Production of Nuclear Battery $\beta^{-}$ Emitters Driven by Fusion Neutrons

TL;DR

This paper explores how future D-T fusion neutron sources could vastly increase the production of nuclear battery radioisotopes, enabling scalable, high-activity manufacturing.

Contribution

It demonstrates the potential for fusion neutron irradiation to produce key radioisotopes at unprecedented scales, including a self-sufficient tritium cycle for large-scale production.

Findings

Fusion neutrons can produce radioisotopes at rates many orders higher than current methods.

Certain feedstocks enable large-scale isotope production while closing the tritium fuel cycle.

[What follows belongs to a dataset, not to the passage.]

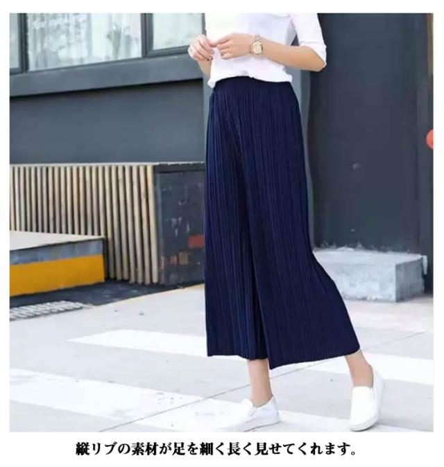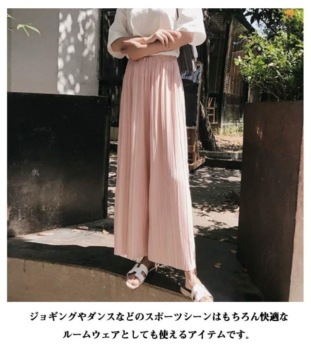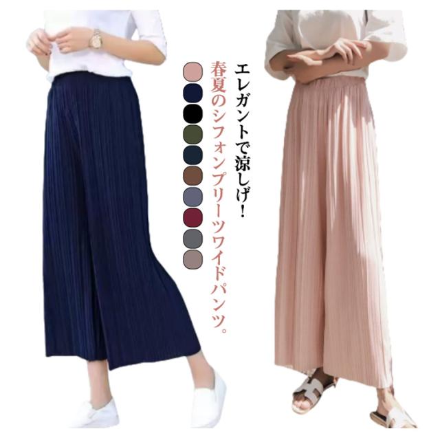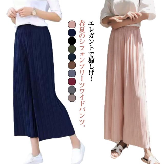 フレア ワイドパンツ おしゃれ ゆったり 春夏 低身長 シフォン プリーツ 九分丈 涼しい ガウチョパンツ プリーツパンツ きれいめ かわいい ワイドパンツ 大きいサイズ ボトムス リラックスパンツ ロングパンツ ウエストゴム
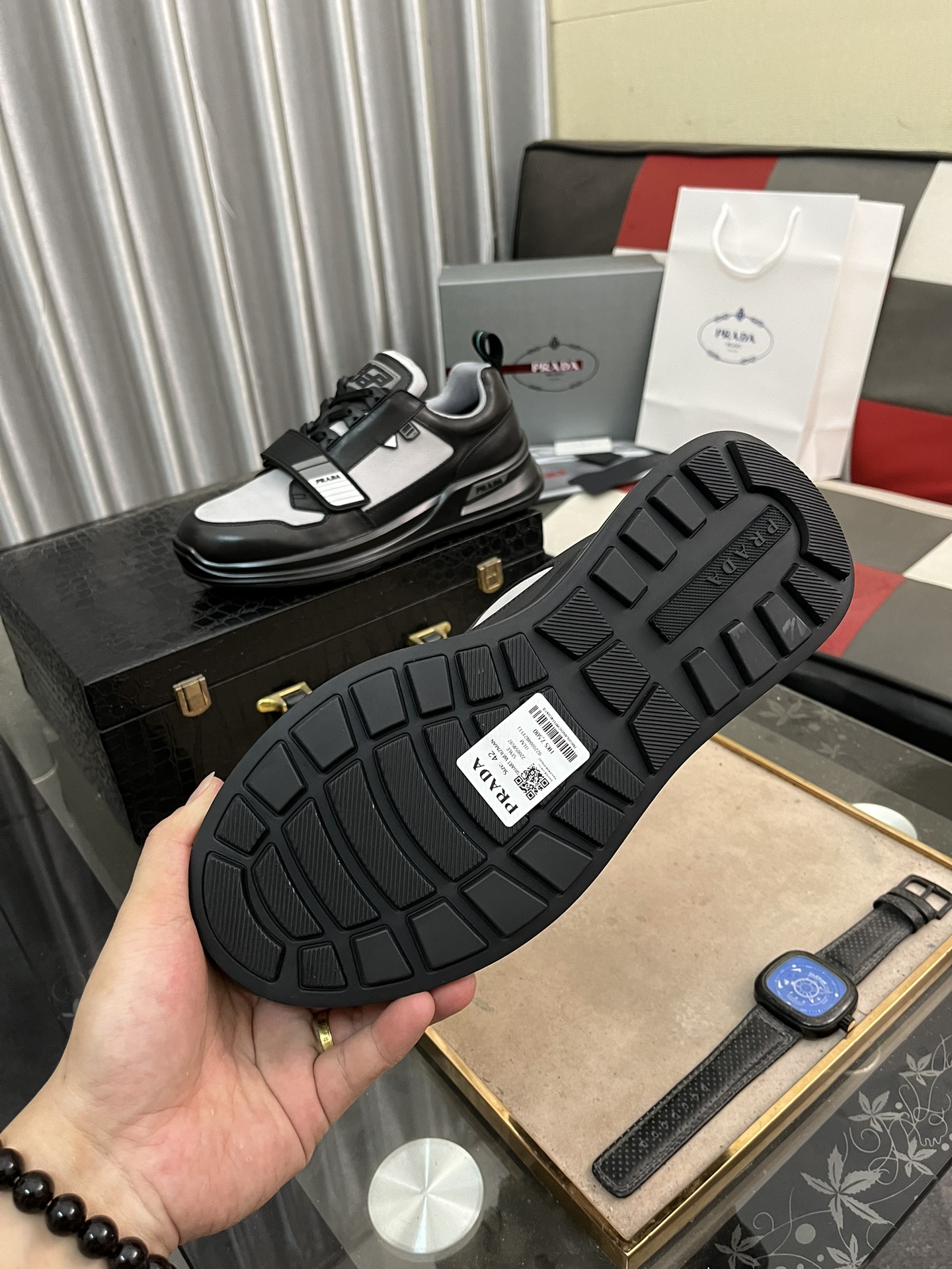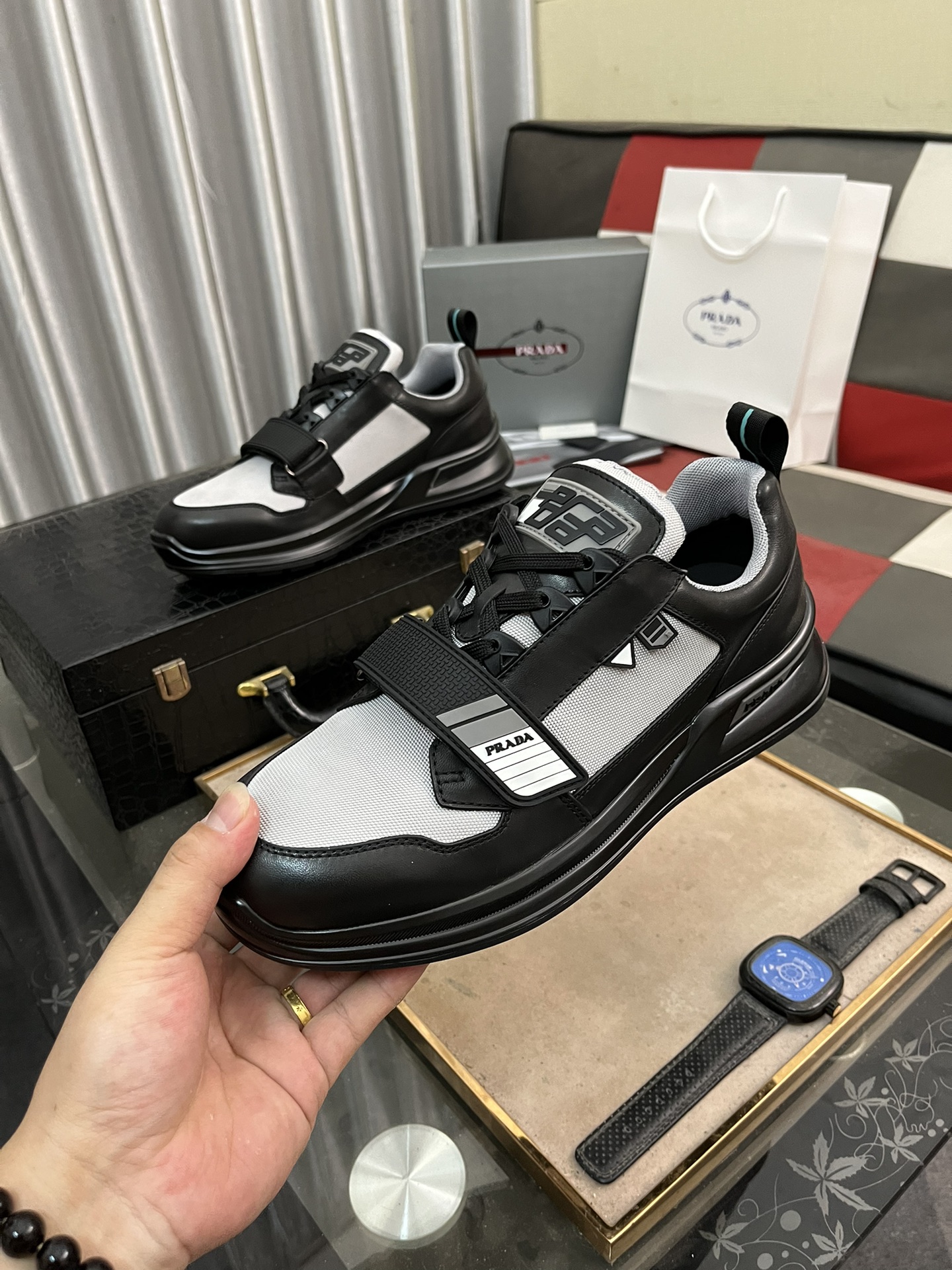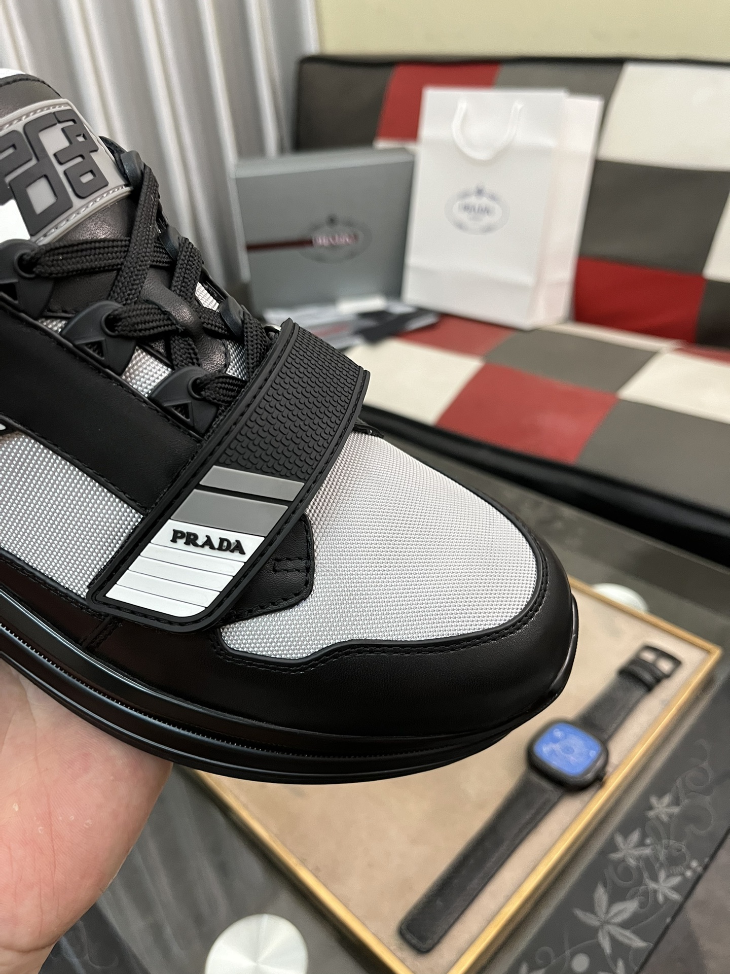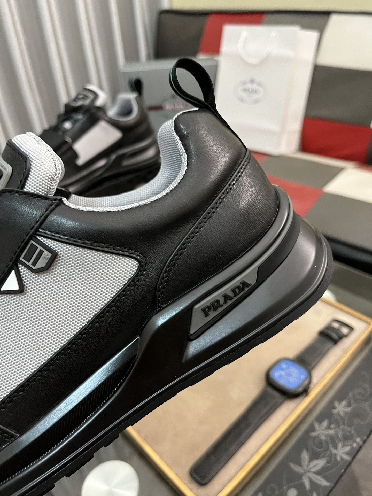 這款鞋子是AAAAA 1:1 質量(非常棒). 使用了和原版一模一樣的材料. 商標部分也保持了和普拉達/Prada一樣. 圖片拍攝是實物鞋子拍攝, 您所收到的實物保證和我們圖片一模一樣.

Over one ton of ${}^{147}$Pm could be produced annually per gigawatt of fusion power.

Abstract

Nuclear batteries require radioisotopes with specific combinations of half-life, decay mode, and radiation properties, yet most candidate fuels lack scalable production routes. We show how the future availability of deuterium-tritium (D-T) fusion neutrons could enable manufacturing nuclear battery radioisotopes at many orders of magnitude higher rate than at present. We assess the capability of 14 MeV D-T fusion neutrons to produce nuclear battery radioisotopes by simulating feedstock material irradiation with neutrons. Promising radioisotope candidates include ${}^{147}$Pm, ${}^{63}$Ni, ${}^{39}$Ar, and ${}^{137}$Cs. Some feedstocks allow a radioisotope to be produced at scale while also closing the tritium fuel cycle, resulting in hundreds to over one thousand kilograms of high specific activity radioisotope per gigawatt thermal year of D-T fusion irradiation. We perform OpenMC simulations of an enriched ${}^{148}$Nd blanket for a tokamak, demonstrating that tritium self-sufficient designs can produce over one ton of ${}^{147}$Pm per gigawatt thermal year, equivalent to $\sim$one billion Curies per year of ${}^{147}$Pm. Operation of such a blanket would represent an unprecedented increase of nuclear battery radioisotope production capability.